Why Use a Simulator?
| Aspect | Real Hardware | Simulation |
|---|---|---|
| Cost | Expensive (millions $) | Free (open-source) |
| Development Time | Years | Hours to weeks |
| Observability | Limited | Complete (every cycle, cache hit/miss) |
| Flexibility | Fixed | Easily modify CPU, caches, memory |
| Risk | High (tapeout bets billions) | Low (experimental) |
CPU Models Tested
X86TimingSimpleCPU
A simple in-order processor with realistic timing approximations:
- Functional in-order execution
- Single-cycle base latency for most ops
- Approximate memory latency
- Lower simulation overhead
X86MinorCPU
A detailed in-order processor with explicit pipeline stages:
- Explicit pipeline stages (5+ stages)
- Separate fetch, execute, and memory units
- Models structural hazards and pipeline stalls
- Cycle-accurate timing
Memory Hierarchies
Modern systems use multi-level caches to bridge the speed gap between CPU and main memory.
Cache Configuration
- L1 I/D Cache: 32 KB each (instruction and data)
- L2 Cache: 256 KB, shared
- Memory Bandwidth: Varies by DRAM type
DRAM Types Tested
| Memory Type | Frequency | Bandwidth | Use Case |
|---|---|---|---|
| DDR3_1600_8x8 | 1600 MHz | ~25.6 GB/s | Standard server/consumer |
| DDR3_2133_8x8 | 2133 MHz | ~34.1 GB/s | High-performance systems |
| LPDDR2_S4_1066_1x32 | 1066 MHz | ~17.1 GB/s | Mobile/embedded systems |
Experimental Design
Research Questions
This project answers:
- How does clock frequency affect performance? Does doubling the clock speed yield 2× speedup?
- How sensitive is Quicksort to memory bandwidth? Does a faster DRAM significantly reduce execution time?
- Does CPU pipeline complexity matter? How different are Minor vs.

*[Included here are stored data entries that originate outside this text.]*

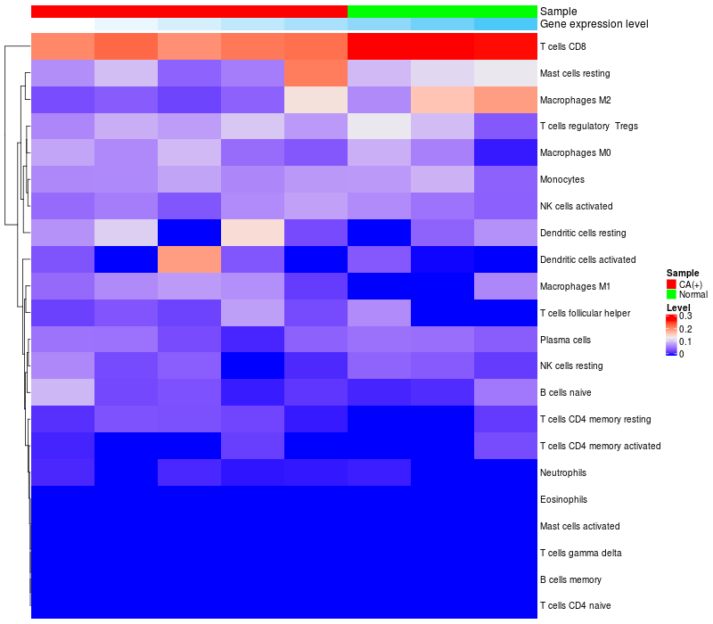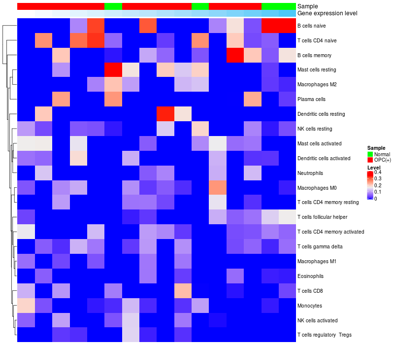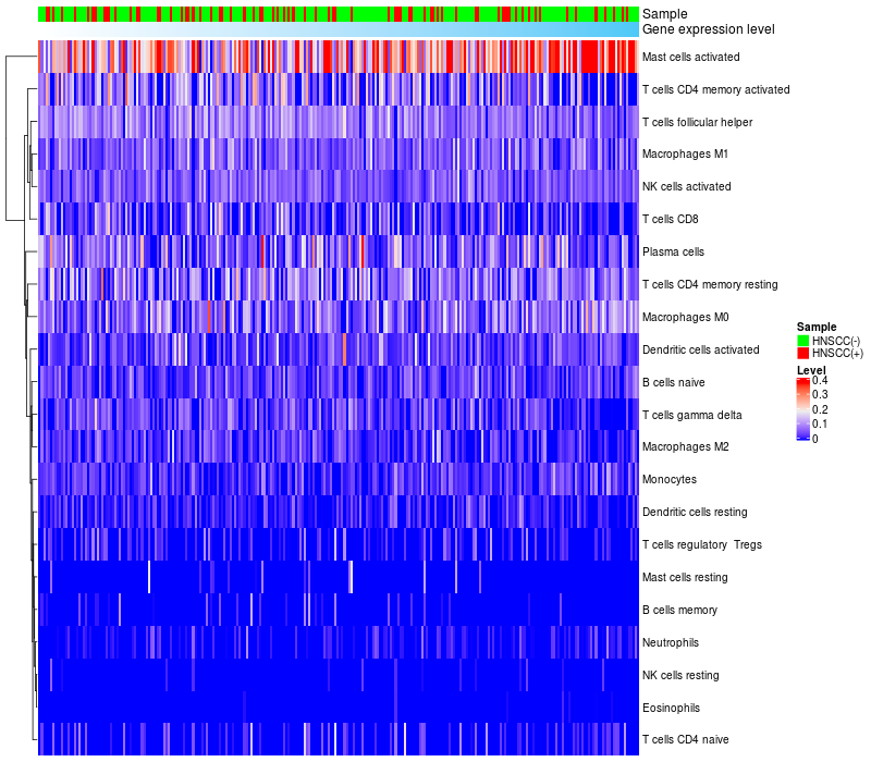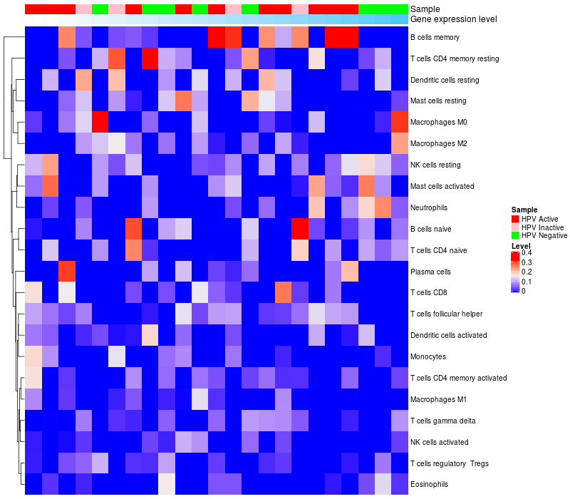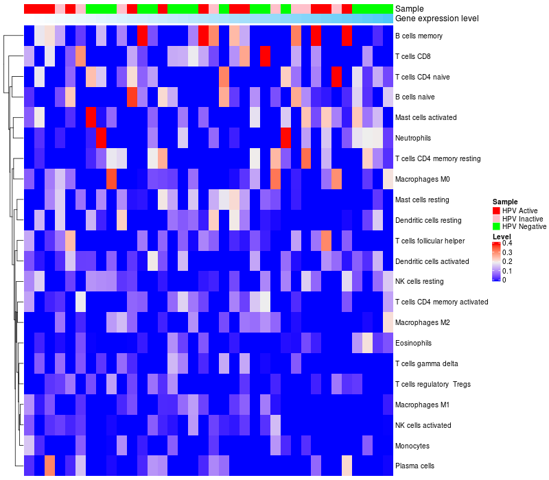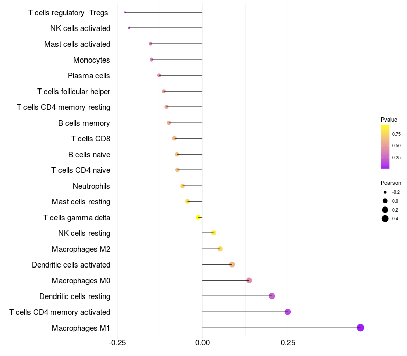 Lollipop of L1CAM expression and immune infiltrating cell level correlation result in HPV+ samples
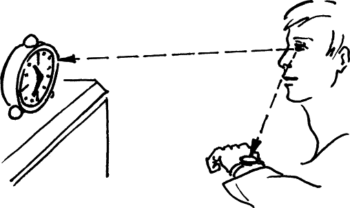 * Поставьте будильник на таком расстоянии от себя, чтобы вы могли его видеть. Если у вас еще хорошее зрение для дали, то будильник можно поставить у противоположной стены комнаты. Прикрыв повязкой или пластырем один глаз, посмотрите на цифру 1 на циферблате будильника, а затем на цифру 1 на ваших наручных часах. Смотрите мягко, расслаблено, без усилия. На секунду прикройте глаза и, вдохнув, на выдохе снова посмотрите на свои ручные часы. На первых порах большую помощь вам окажет хорошее сильное освещение циферблата наручных часов. Закройте глаза и мягко поворачивайте голову из стороны в сторону. Теперь посмотрите на цифру 2 на будильнике, а затем на наручных часах. Число на наручных часах должно стать немного четче. Если этого не произойдет, не расстраивайтесь. Закройте глаза, сделайте повороты головой и отдохните, прежде чем вы сделаете следующий вдох и посмотрите на цифру 3 на будильнике и на наручных часах (рис. 50).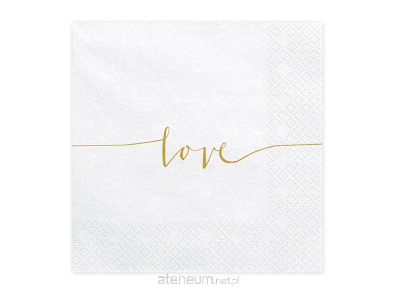 Serwetki trójwarstwowe w kolorze białym ze złotym napisem Love, wymiary po rozłożeniu ok. 33 x 33 cm, wymiary po złożeniu ok. 16,5 x 16,5 cm.(1 op. / 20 szt.)

TimingSimple for this workload?
- Can we achieve linear scaling? Or do bottlenecks (cache misses, memory latency) prevent ideal speedup?
Experimental Matrix
Total Configurations: 2 CPUs × 6 Frequencies × 3 Memory Types = 36 simulation runs
| Dimension | Options | Count |
|---|---|---|
| CPU Model | X86TimingSimpleCPU, X86MinorCPU | 2 |
| Clock Speed | 1.0, 1.2, 1.4, 1.6, 1.8, 2.0 GHz | 6 |
| Memory Type | DDR3_1600_8x8, DDR3_2133_8x8, LPDDR2_S4_1066_1x32 | 3 |
Each point is a complete simulation run in gem5's SE mode, measuring a fixed workload (100 Quicksort iterations on 80,000 elements).
Implementation Details
Quicksort Workload
The benchmark uses a classic in-place Quicksort implementation:
void Quicksort(int a[], int l, int r) {
/* Partition around pivot a[(l+r)/2] */
int i = l, j = r;
int x = a[(l+r) / 2];
do {
while (a[i] < x) i++; /* Scan from left */
while (x < a[j]) j--; /* Scan from right */
if (i <= j) {
/* Swap */
int w = a[i];
a[i] = a[j];
a[j] = w;
i++; j--;
}
} while (i <= j);
/* Recurse on partitions */
if (l < j) Quicksort(a, l, j);
if (i < r) Quicksort(a, i, r);
}
Test Parameters
- Problem Size: 80,000 integers
- Data Size: 320 KB
- Iterations: 100 runs
- Total Comparisons: ~800 million
Algorithm Characteristics
- Time Complexity: O(n log n) average
- Space Complexity: O(log n) stack depth
- Memory Pattern: Random access
- Cache Behavior: Good temporal locality
Instrumentation with m5ops
The benchmark uses gem5 m5ops for precise measurement:
#ifdef FRMWRK
#include "gem5/m5ops.h"
int main(int argc, char *argv[]) {
m5_reset_stats(0, 0); /* Start counters */
for (int i = 0; i < 100; i++)
Quick(i); /* 100 iterations */
m5_dump_stats(0, 0); /* Dump counters */
}
#endif
Why Instrumentation?
Without m5_reset_stats/m5_dump_stats, statistics include memory initialization overhead, function call setup, and I/O operations.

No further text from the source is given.